YOUR ASSIGNMENT: Leave out the pictures and set down exactly the lines from the start of the listing through the one with "Edna MacLean, Commissioner", both included.

RAW DATA:
★ ★ ★

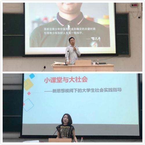 在题为“习近平新时代中国特色社会主义思想与中华优秀传统文化”的讲座中,肖仕平教授讲述了习近平新时代中国特色社会主义思想的科学体系中的民本思想。吴沁芳教授以“新时代美好生活的价值追寻”为主题,分享了何谓美好生活、美好生活的价值维度、新时代美好生活的价值目标。在题为“青年如何扣好人生第一粒扣子”的讲座中,董立功博士讲述了习近平的七年知青岁月,激励学生确定人生清晰目标、勤奋学习、博览群书、积极投身社会实践。在读博士唐娜以“小课堂与大社会”为题,讲述了新思想视阈下的大学生社会实践中要关注的热点话题和社会现象及如何写好暑期社会实践论文。
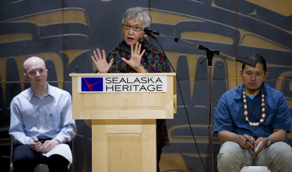 Edna MacLean, Commissioner of Iñupiat History, Language, and Culture for the North Slope Borough, speaks at the Alaska Language Summit at the Walter Soboleff Building on Tuesday. Rep. Jonathan Kreiss-Tomkins, D-Sitka, left, and X̱unei Lance Twitchell, Assistant Professor of Alaska Native Languages at the University of Alaska Southeast, listen on stage in the Shuká Hit Clan House.
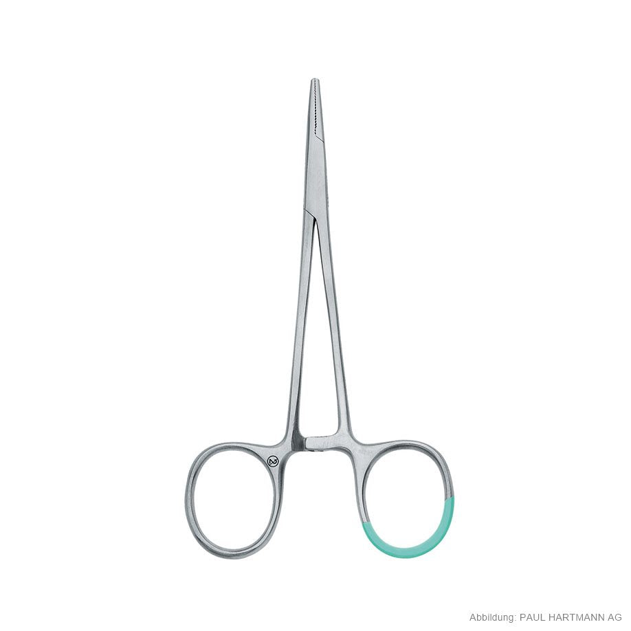 Steriler Einweg-Nadelhalter nach Mayo-Hegar, aus hochwertigem, mattem Stahl, mit präziser Verarbeitung für sicheren Halt der Nadel, Peha Colour Lock Sicherheitsmarkierung.

★ ★ ★

WORKED SOLUTION:
 在题为“习近平新时代中国特色社会主义思想与中华优秀传统文化”的讲座中,肖仕平教授讲述了习近平新时代中国特色社会主义思想的科学体系中的民本思想。吴沁芳教授以“新时代美好生活的价值追寻”为主题,分享了何谓美好生活、美好生活的价值维度、新时代美好生活的价值目标。在题为“青年如何扣好人生第一粒扣子”的讲座中,董立功博士讲述了习近平的七年知青岁月,激励学生确定人生清晰目标、勤奋学习、博览群书、积极投身社会实践。在读博士唐娜以“小课堂与大社会”为题,讲述了新思想视阈下的大学生社会实践中要关注的热点话题和社会现象及如何写好暑期社会实践论文。
 Edna MacLean, Commissioner of Iñupiat History, Language, and Culture for the North Slope Borough, speaks at the Alaska Language Summit at the Walter Soboleff Building on Tuesday. Rep. Jonathan Kreiss-Tomkins, D-Sitka, left, and X̱unei Lance Twitchell, Assistant Professor of Alaska Native Languages at the University of Alaska Southeast, listen on stage in the Shuká Hit Clan House.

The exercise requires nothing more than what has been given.